Book Reviews · The Reading

The Glass Ceiling by Julie LaVoie

the-glass-ceiling Title: The Glass Ceiling
Author: Julie LaVoie
Published: December 18th, 2015 by Midnight Frost Books



Darkness can hide in the brightest of places…

Pickaxes, grime, and watery oatmeal are all sixteen-year-old Heart has ever known. Growing up in the tunnels, the only breaks in her muscle-aching monotony are the numerous nights spent cramped in a metal box. Stupid runaway mouth. But when strange visions and a hidden map hint there’s more to life than she’s been led to believe — boys being one of them — only one thing weighs on her mind. Escape.

Yet freedom is a tease. Heart merely trades her small prison for a larger one — a transparent dome controlled by the Guardian, an aging leader bent on creating a genetically perfect race. Heart’s birthmark on her shoulder? An abomination that carries a lifetime sentence of slavery for females.

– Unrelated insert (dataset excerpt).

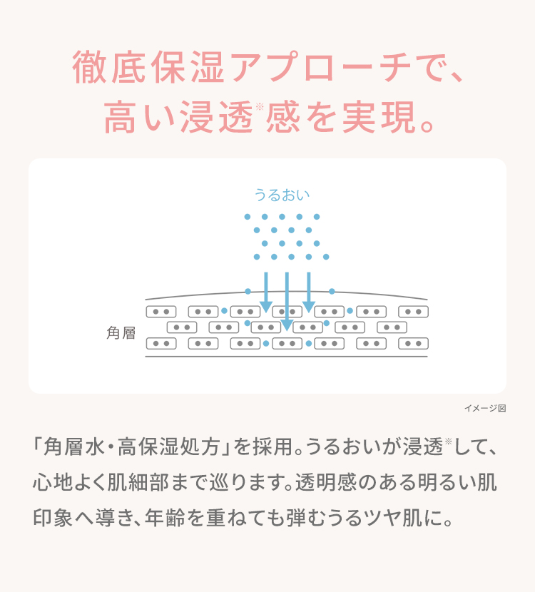 「角層水・高保湿処方」を採用。うるおいが浸透※して、心地よく肌細部まで巡ります。透明感のある明るい肌印象へ導き、年齢を重ねても弾むうるツヤ肌に。

Refusing to let a glass ceiling deter her, Heart searches for a way out of the dome. But unraveling the Guardian’s secrets is a risky endeavor. Human skulls atop crude sticks serve as a warning: treason is punishable by death. When her new friends are captured, and escape is just an arm’s reach away, Heart must decide. Take the freedom she so desperately wants or save her friends’ lives?


I received a copy of this book in exchange for an honest review. 

The Glass Ceiling is an enjoyable read, well written with an interesting premise and themes and issues that are relatable to many people.

In the post-apocalyptic world in The Glass Ceiling, the people of Harmonia live under a transparent dome that protects them from the dangers of the outside world. Heart is a miner in the underground tunnels who believes that there is a better way to live and she never gave up hope. But escaping from the mines only lead her to a bigger prison with worse enemies, and she has to fight even harder for her freedom.

Heart is a decent character, brave and loyal, and she constantly fights for the things she believes in. But I don’t find her very relatable. While I admire her qualities, and even though find her annoying at times, I couldn’t connect to her. I felt detached and I didn’t really care very much. Despite going through a lot, I think that Heart adjusted too quickly, like she got over all the bad things that happened in just a few pages. I feel the same way about the other characters. I wish there was more backstory or something that could help me know them better.

The story itself is quite interesting and kept me reading until the end. Other than friendship and first love, and a dystopian society with an evil ruler, the Glass Ceiling tackles issues like discrimination against women. The women in The Glass Ceiling is split into three groups, the breeders, the scarlets and the slaves. I think you can guess what each group does. The men are the providers, they farm and guard and pretty much do everything, so women are taught to respect them etc. etc. It’s very disturbing, actually. I like how Heart knows that this is not the right way to live, and how she stands up for what she believes in.

I actually wanted to know more about the world they live in, maybe more elaboration. There are certain things that are not explained like the connection between Heart and her sister. I feel like that is a bit out of place in the story. I think  the ending is too neat, and even though I know Heart faced many difficulties, I feel like it’s too easy. But it is a standalone so it makes sense that everything has to be resolved. I’m actually happy that it is a standalone because so many books are part of a series now, so it’s definitely a nice change.

So in conclusion, I enjoyed reading The Glass Ceiling and I recommend it! Also, bonus points for the title 🙂 (glass ceiling: an unofficially acknowledged barrier to advancement in a profession, especially affecting women and members of minorities.)

“She’d started out the morning expecting to die, and now she was leading Harmonia’s rebirth. A rebirth that included freedom for 22. Freedom for the slaves. And the freedom to love as one chose.”